Main reason I made my own couplings. Heat up PVC pipe and form it to whatever tool I am using. give a few twists as it cools and bam I have my coupling. I have one for my deputy, RO sander, Jointer, and planer. I label them so I know what goes to what.

I find the shop vac hoses work fine with what I am doing after I connect the home made couplings.

Works great and it costs me 4 bucks lol


----------



## Green_Hornut (Mar 24, 2011)

I also agree. I have one and it sits on the shelf for about a year. I drag it out thinking I never gave it a chance. After about a week of using it, it goes back on the shelf. Way too heavy, adapter falls off all the time. The hose and adapter that came with my Fein are still superior. My experience with Rockler branded tools is about 50-50. Some I like, some I don't, and some were a complete waste of money.


----------



## DannyW (Dec 15, 2018)

Well it appears that I am not the only one that finds this product less than useful and also has a bad batting average with Rockler branded products. I have considered buying their cross cut sled when on sale but am very leery considering my history with their products. And not only Rockler, but Woodriver as well. I just can't seem to find any store branded woodworking products that I like; quite a few are very low quality (drill bits/forstner bits/etc sets in particular always seem to have several crooked bits that are useless).


----------



## DNHerring (Feb 10, 2016)

I recently purchased this and it works well on a limited set of tools. Primarily my track saw (Makita) and several of my sanders (Bosch and DeWalt). It was a bit tricky getting it to work with my Oneida Dust Deputy and the hose is a bit heavy (and therefore unwieldy at times). But for the most part, it has improved my dust collection on those specific tools.


----------



## remdds (Mar 19, 2011)

I would agree with most of the comments on here. Too bad no standards are used in the industry for sizes. I ultimately did find a use for mine on a Byrnes Model Machine table saw. The saw requires a unique size connector and this fits perfectly. The weight of the hose is not bothersome on a stationary machine either. Fortunately the cost is not terribly high and I do appreciate that Rockler tries to come up with some clever products. Some are far more useful than others.


----------



## ShopCat (Aug 7, 2008)

Sad to say, but my solution to the local Rockler/Woodcraft problem is increasingly Amazon. I will maybe pick up a Rockler item when they do a sale, if they actually have the item. I know the local store manager from classes at the local CC. He's a nice guy struggling with an increasingly dysfunctional company. They openly joke about how bad the inventory system is. In 2019 if you have to walk to the shelf and count to find out if you have something you are looking at a major senior management failure.
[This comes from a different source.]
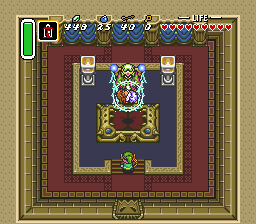 刚获得大师之剑后,林克便通过心灵感应收到了萨哈斯拉拉(Sahasrahla)的消息。当林克离开该区域后,他又一次收到心灵感应,这次是塞尔达公主。她大喊士兵正朝圣所赶来,随后发出一声尖叫。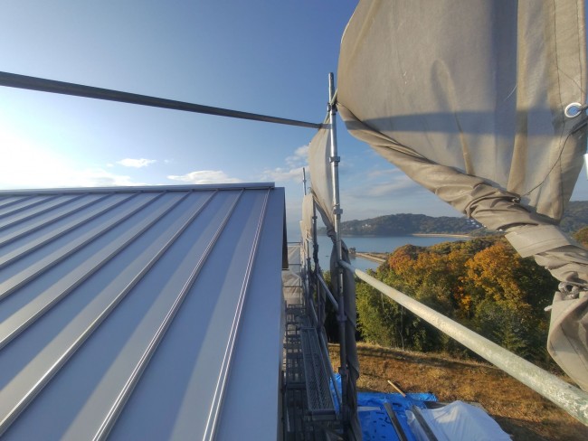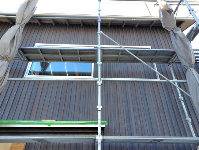 粛々と工事がすすめられており、杉板張りも終わりが近づき、

The local Woodcraft is a francise store. Most of the clerks are jerks, and I always walk out wondering how they screwed me on price. Increasingly that doesn't happen because I just eat the shipping if it's something like Woodpeck. Probably Woodcraft doesn't have what I want anyway. Amazon is well prepared to sell me an awesome selection of router bits. Ditto for the thin kerf Forest 10" blade, the new Timber Wolf 1/8 blade for my bandsaw. It's ridiculous what I've had to go through just to get 1/4-20 fittings for my jigs. Knurled brass knobs seem like they should be something they stock, but they don't. Amazon got them to me in two days.
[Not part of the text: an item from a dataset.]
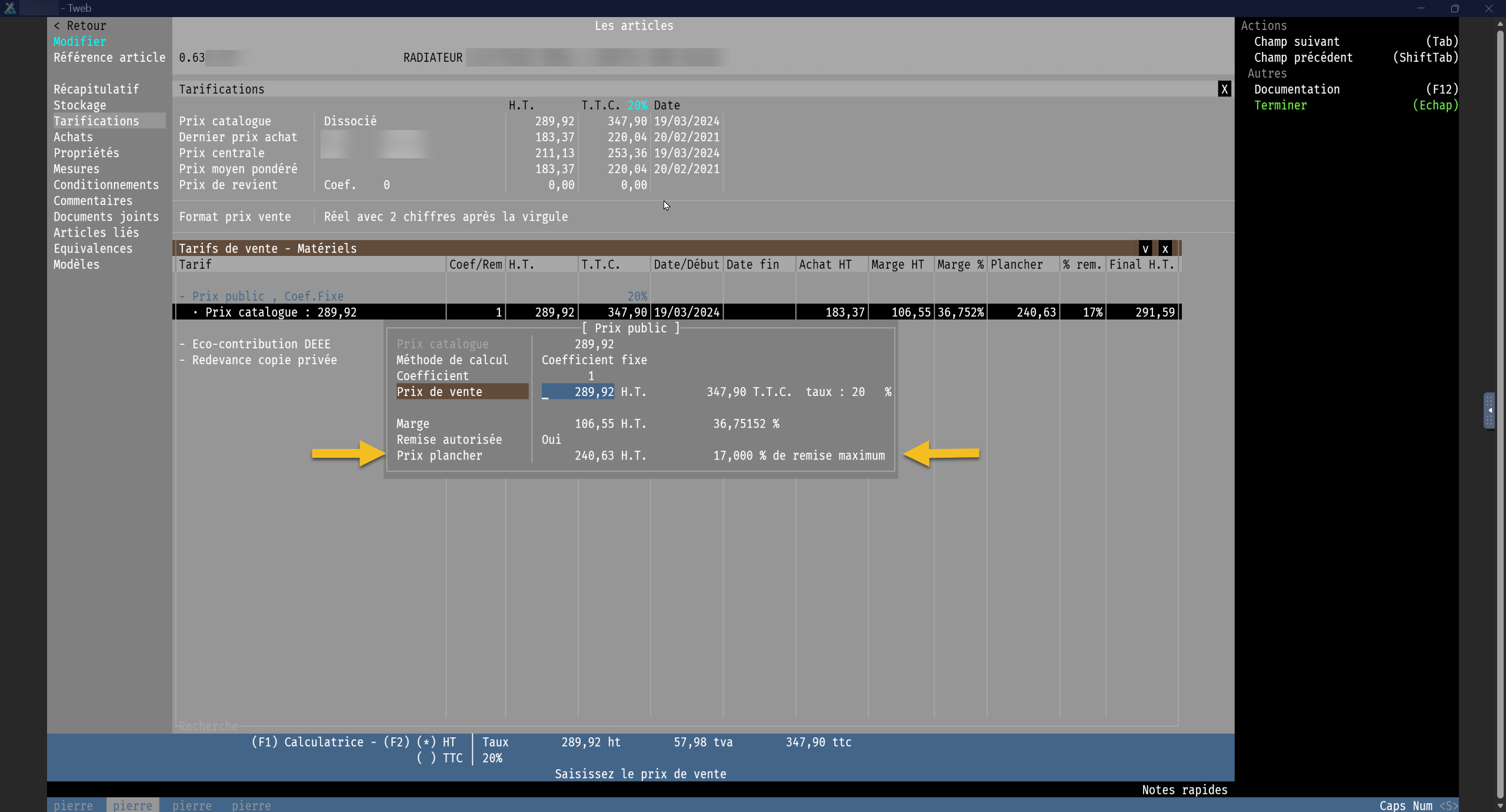 - Détermine la tarification de vente des articles : pièces ou matériel

I've been doing a major redesign/upgrade of my shop, and it would bother me if I ran those stores and knew an old customer had spent that much on stuff and it didn't come to me. What they do with reviews I don't care. I've seen businesses fail before, seems easy enough to do.


----------



## SATXmarine1 (Mar 19, 2008)

Only 1 ⭐ From me. Ihave agree, my #1 complaint is the hose. So tight and difficult to use, I regret buying it.


----------



## LittleBlackDuck (Feb 26, 2016)

> ... I would love to have a 3D printer to make my own fitting that actually work. My son has printed a couple that fit great.
> - Redoak49


Fortunately I do have a 3D printer… it's small (115mm x 115mm) but it's plenty big enough to print off connectors so fitting hoses to any tool is no issue. I also hang the rockler hose (this type) by bungee cords from the ceiling to make maneuvering easier. Furthermore, using a full length of Braided PET Expandable Sleeving over the hose greatl avoids rib snagging.


----------



## pottz (Sep 15, 2015)

> ... I would love to have a 3D printer to make my own fitting that actually work. My son has printed a couple that fit great.
> - Redoak49
> 
> Fortunately I do have a 3D printer… it s small (115mm x 115mm) but it s plenty big enough to print off connectors so fitting hoses to any tool is no issue. I also hang the rockler hose (this type) by bungee cords from the ceiling to make maneuvering easier. Furthermore, using a full length of Braided PET Expandable Sleeving over the hose greatl avoids rib snagging.
> ...


my ribs are heavily padded ducks so no problem snagging,but that sleeving is a good thing to keep in mind.


----------



## Mike_in_STL (Dec 8, 2016)

I bought the Woodcraft version and it's a peach.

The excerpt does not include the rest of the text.